TASK PROMPT: An exact restatement of the data is required, with the images omitted.

* * * * * * *

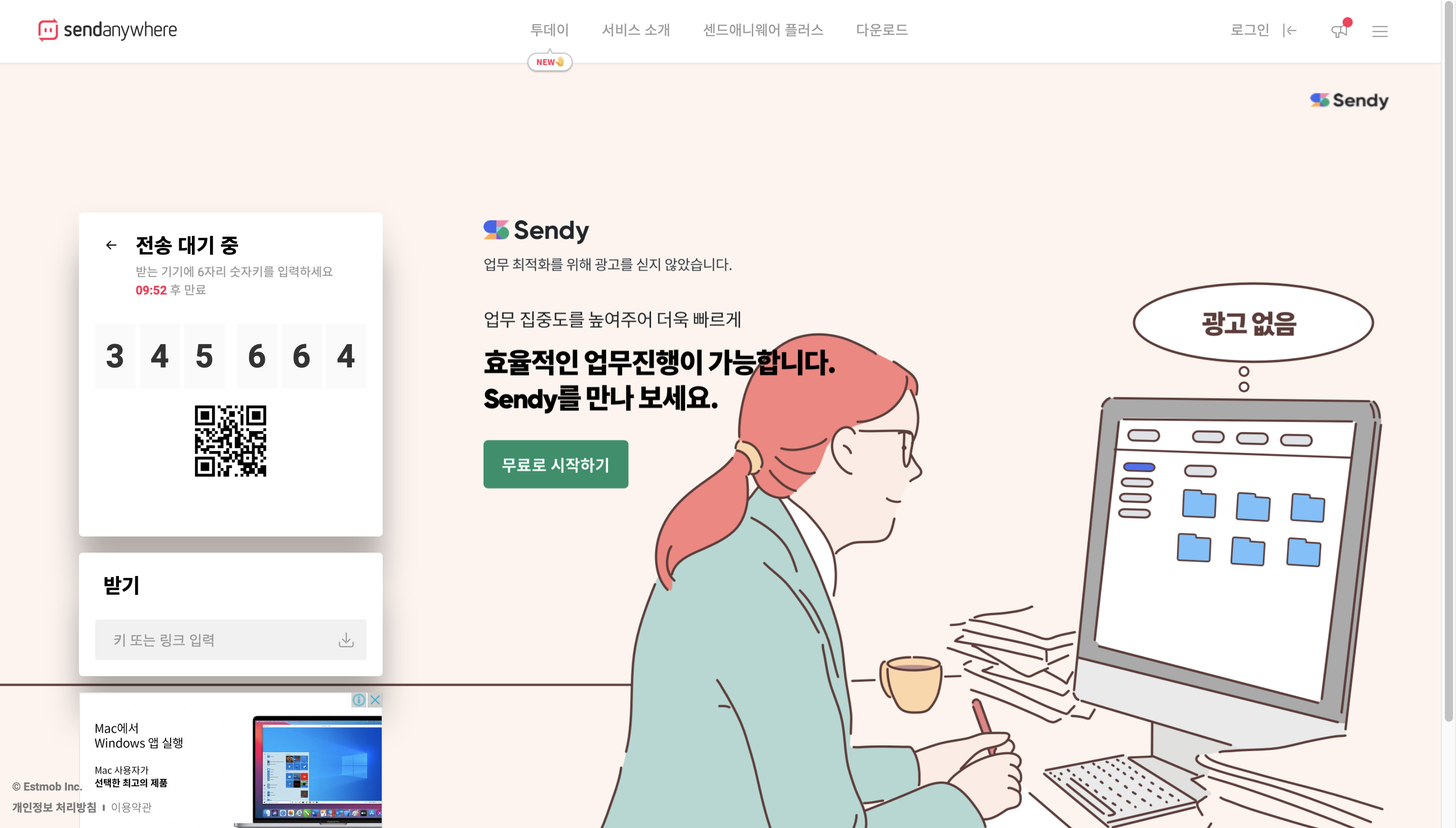 1.2.2 샌드애니웨어(Sendanywhere) 사용법 - 받기 - PC
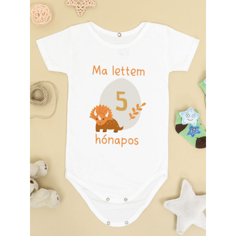 Baba ajándék, dínós body babáknak, 5 hónapos lettem body. Az 5 hónap gyorsan elrepült – örökítsd meg ezt a pillanatot egy stílusos és kényelmes bodyval! A cuki dinoszaurusz motívum és a „Ma lettem 5 hónapos” felirat tökéletes választás babafotózáshoz, és
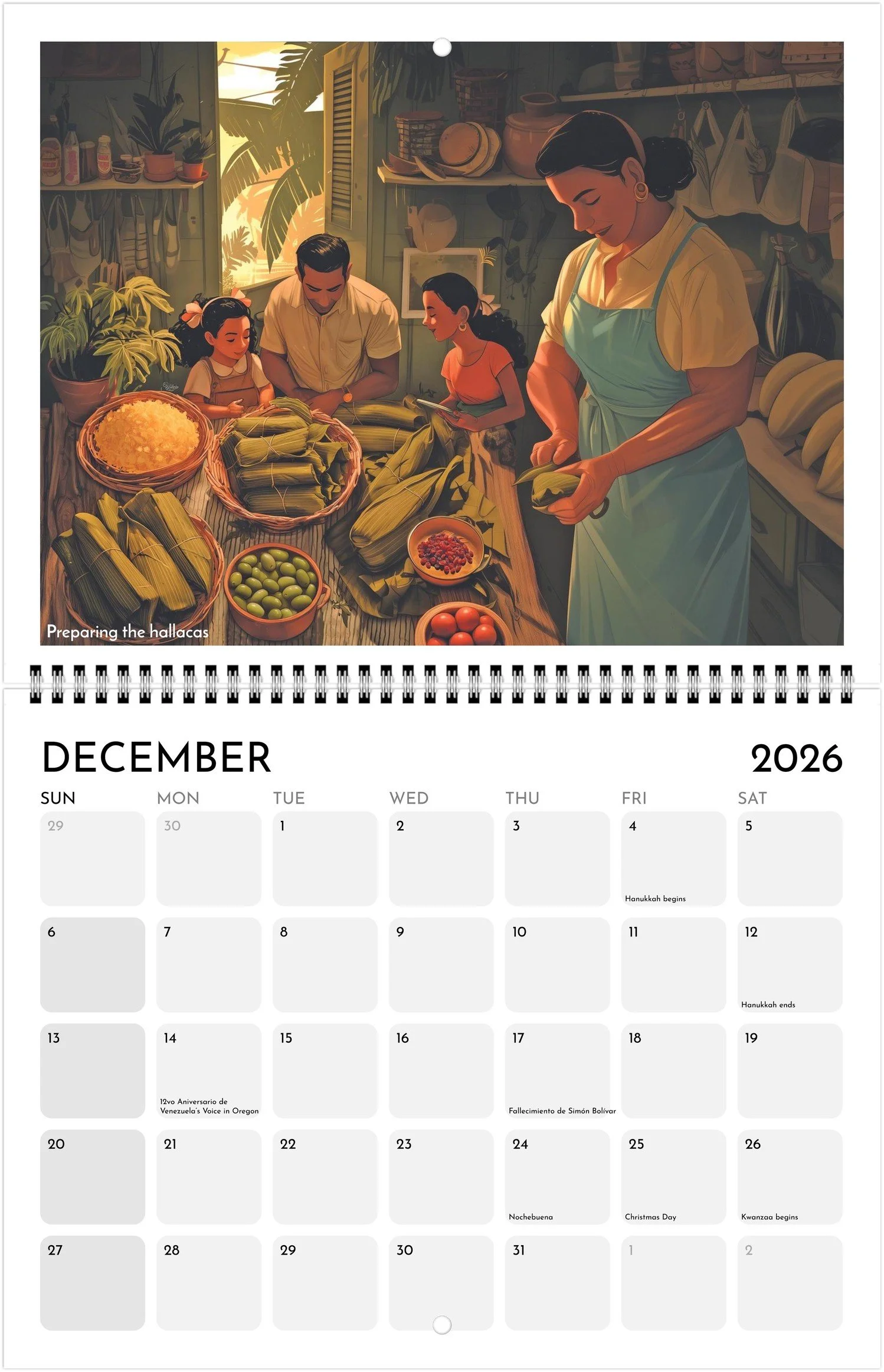 The project began as an experiment in AI-assisted illustration, exploring how generative tools like MidJourney can support storytelling rooted in culture, place, and community. Through a series of stylized illustrations, the calendar imagines moments where Portland landscapes and Venezuelan traditions intersect—from summer beach scenes and soccer culture to December celebrations making hallacas.
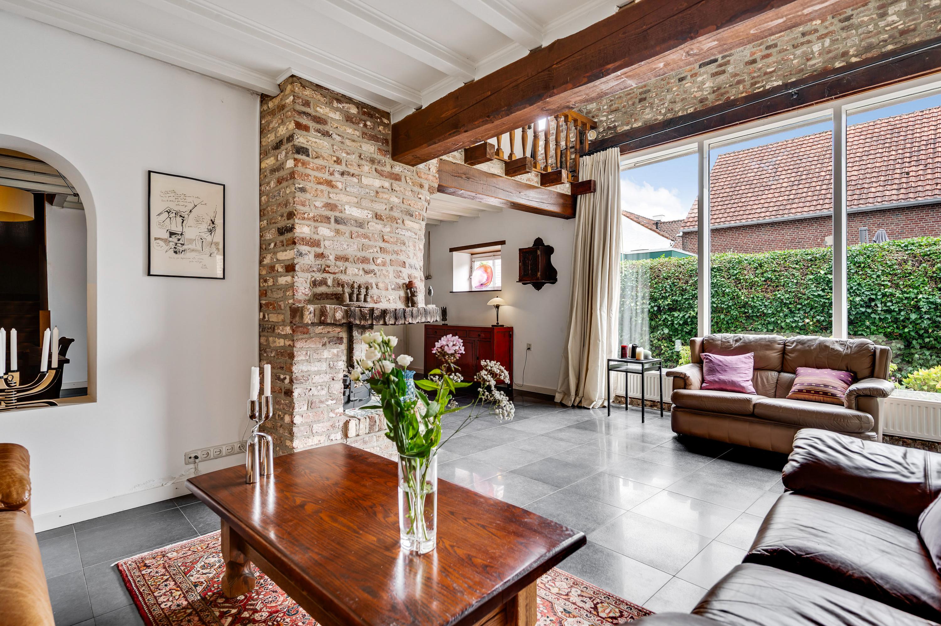 Gezellige zitkamer/verblijfsruimte (± 34 m²) met plankenvloer en open haard, een heerlijke plek om te ontspannen.
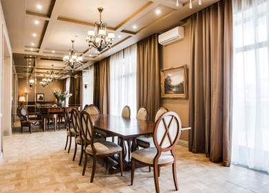 Построен из кирпича, фасад в стиле Райта облицован натуральным камнем и деревом. Во внутренней отделке - современные качественные материалы.

* * * * * * *

SOLUTION:
 1.2.2 샌드애니웨어(Sendanywhere) 사용법 - 받기 - PC
 Baba ajándék, dínós body babáknak, 5 hónapos lettem body. Az 5 hónap gyorsan elrepült – örökítsd meg ezt a pillanatot egy stílusos és kényelmes bodyval! A cuki dinoszaurusz motívum és a „Ma lettem 5 hónapos” felirat tökéletes választás babafotózáshoz, és
 The project began as an experiment in AI-assisted illustration, exploring how generative tools like MidJourney can support storytelling rooted in culture, place, and community. Through a series of stylized illustrations, the calendar imagines moments where Portland landscapes and Venezuelan traditions intersect—from summer beach scenes and soccer culture to December celebrations making hallacas.
 Gezellige zitkamer/verblijfsruimte (± 34 m²) met plankenvloer en open haard, een heerlijke plek om te ontspannen.
 Построен из кирпича, фасад в стиле Райта облицован натуральным камнем и деревом. Во внутренней отделке - современные качественные материалы.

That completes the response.